* [Data for processing]:
------------------------------------------------------------------------

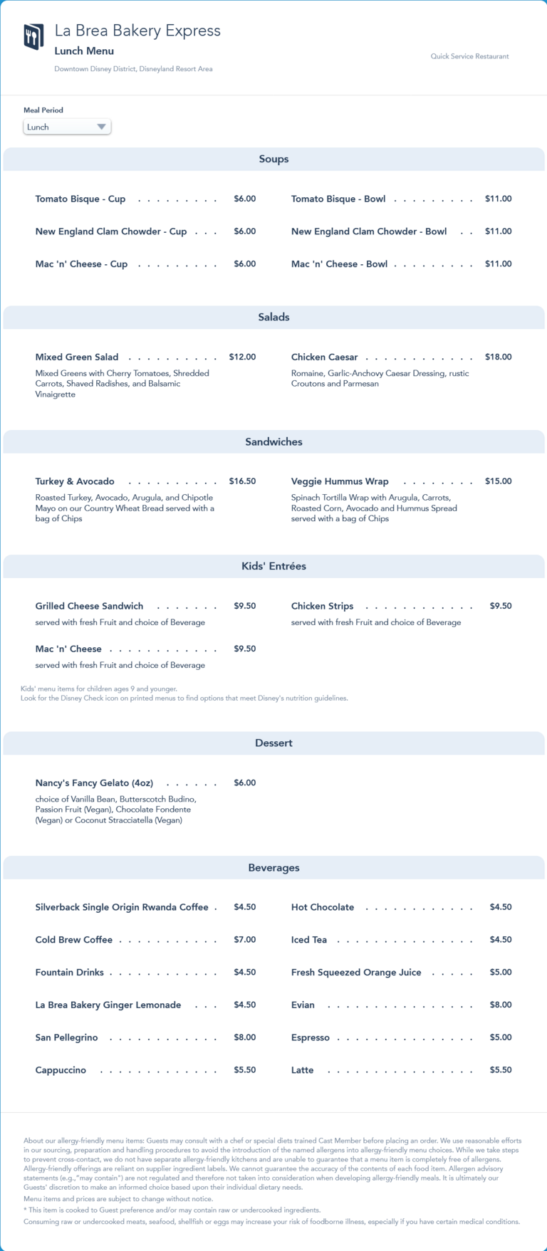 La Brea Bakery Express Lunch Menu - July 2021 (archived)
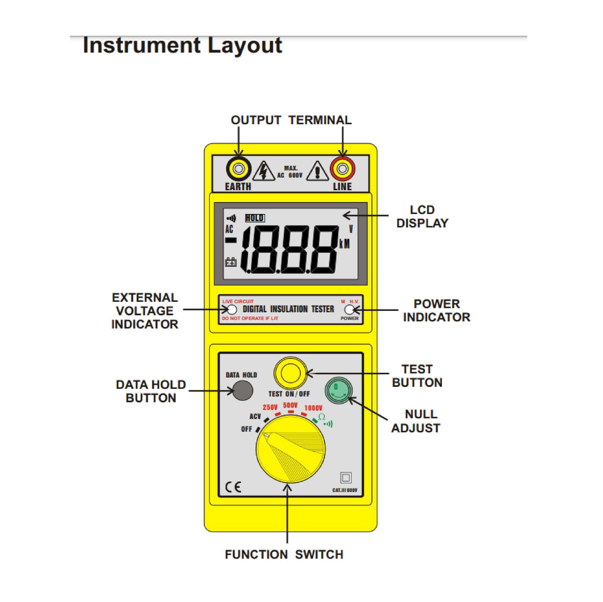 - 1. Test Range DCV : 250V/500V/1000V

------------------------------------------------------------------------

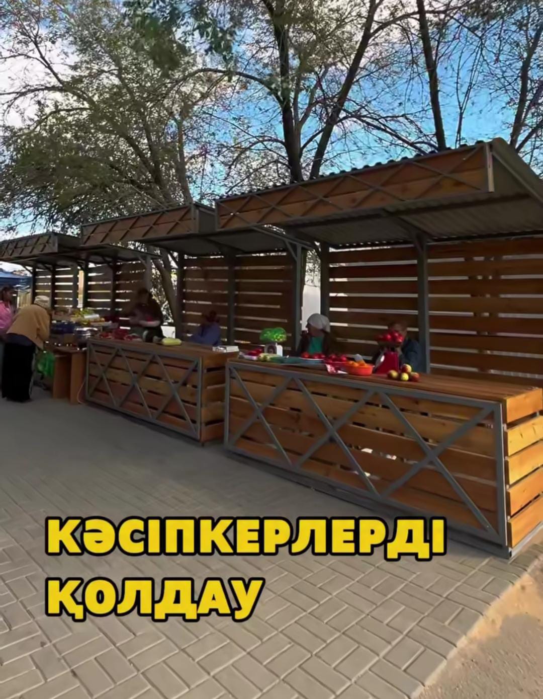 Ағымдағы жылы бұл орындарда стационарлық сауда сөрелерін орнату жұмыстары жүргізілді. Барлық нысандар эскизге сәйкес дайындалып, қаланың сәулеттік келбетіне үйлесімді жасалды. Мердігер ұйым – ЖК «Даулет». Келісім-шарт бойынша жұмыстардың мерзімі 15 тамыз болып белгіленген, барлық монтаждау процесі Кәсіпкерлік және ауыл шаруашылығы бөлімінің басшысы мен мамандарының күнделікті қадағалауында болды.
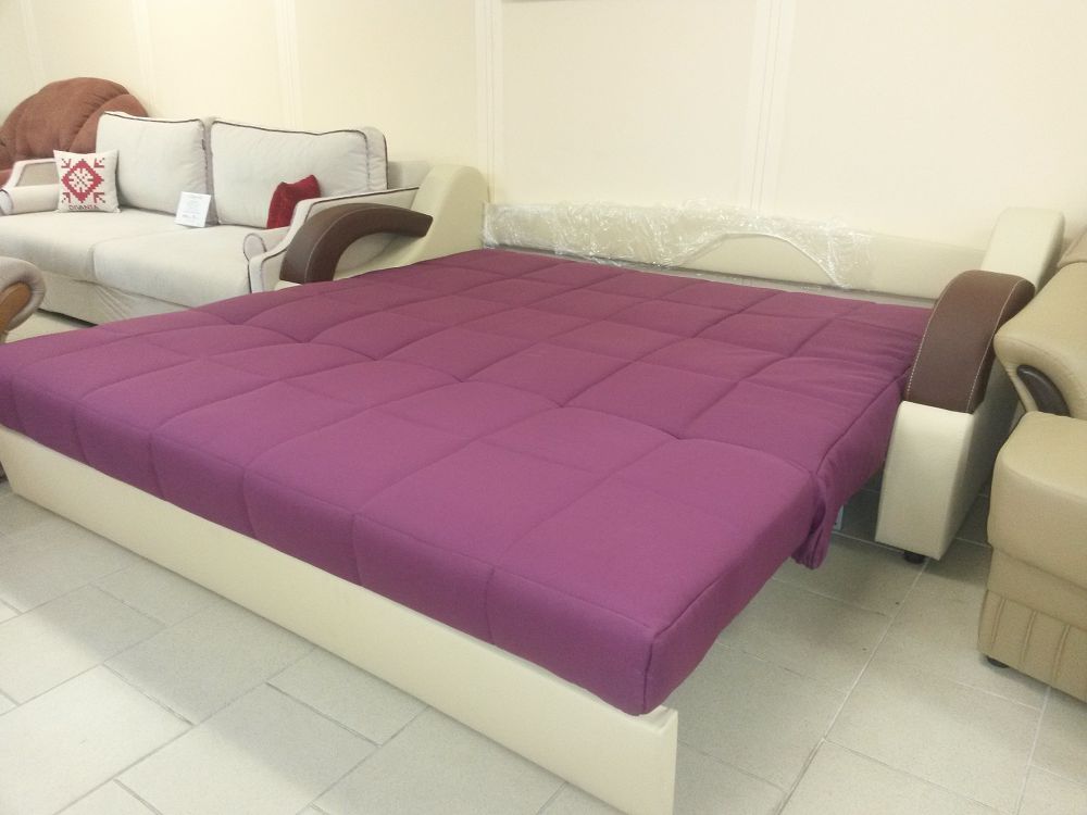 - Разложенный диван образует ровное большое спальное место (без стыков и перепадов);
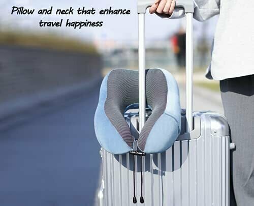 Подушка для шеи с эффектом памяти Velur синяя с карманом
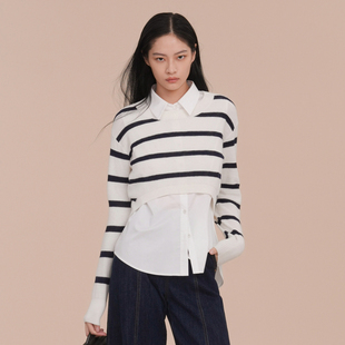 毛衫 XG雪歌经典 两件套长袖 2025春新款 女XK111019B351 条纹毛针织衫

------------------------------------------------------------------------

* [Exercise goal]: Quote the data above exactly from the line with "La Brea Bakery" to the line with "- 1. Test Range DCV : 250V/500V/1000V", both ends counted, and nothing else. Pictures don't go in.

* [Expected output]:
 La Brea Bakery Express Lunch Menu - July 2021 (archived)
 - 1. Test Range DCV : 250V/500V/1000V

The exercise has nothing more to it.